Enfin, s’ils sont passés maîtres dans l’art de rédiger les textes qui nous amusent et nous attendrissent, Anne Boyer et Michel D’Astous ont aussi le chic pour faire vivre leurs œuvres au-delà des frontières de nos écrans plats. Seulement avec Yamaska, ils ont orchestré une campagne de prévention et une marche contre le suicide à Granby, le lancement du roman du personnage de William, La belle affaire, et l’apparition de leurs protagonistes dans Toute la vérité, et vice-versa : ces bonus ont renouvelé l’affection des téléspectateurs envers leur rendez-vous chouchou du lundi soir et pimenté l’action de Yamaska.
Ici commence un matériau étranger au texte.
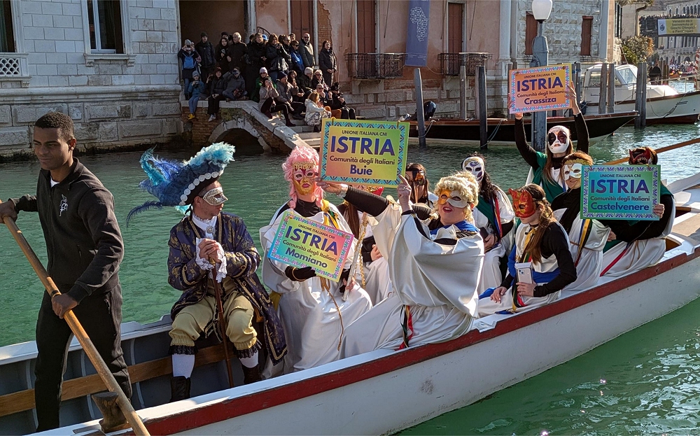 La partecipazione delle Comunità degli Italiani al Carnevale di Venezia non è stato un semplice atto simbolico, ma l’esito di un percorso di laboratori, incontri, memoria e lavoro insieme. Le maschere sono state create in Istria con i laboratori condotti dai maestri veneziani Franco Cecamore e Lucio Lizzul coordinati dall’autore Vittorio Baroni. A Venezia gli istriani hanno sfilato indossando i costumi, realizzati con il supporto del Teatro di Fiume, rappresentativi degli antichi greci con la fascia dei colori olimpici.
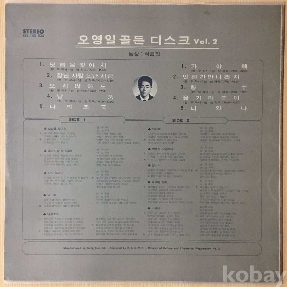 ⊙ 1977년 / 성음레코드 - SEL-100 034
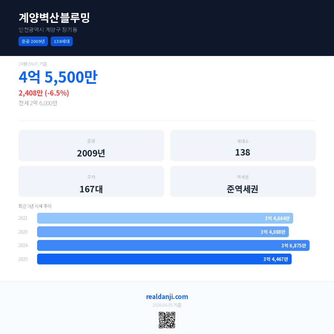 계양벽산블루밍은(는) 2009년에 준공되었으며, 현재 17년차입니다. 총 138세대 규모입니다.

«On fait des affaires qu’on aurait aimé se faire offrir quand on était des téléspectateurs», note Anne Boyer, faisant remarquer au passage que la page Facebook de Yamaska est passée de 30 000 à 133 000 abonnés en trois ou quatre ans, à peine. Déjà, plus de 28 000 internautes ont cliqué «J’aime» sur la page de L’heure bleue.

L’heure bleue commencera à TVA le mercredi 11 janvier, avec une édition spéciale de deux épisodes un à la suite de l’autre. Après quoi, dès le 18 janvier, le téléroman sera logé le mercredi à 21h.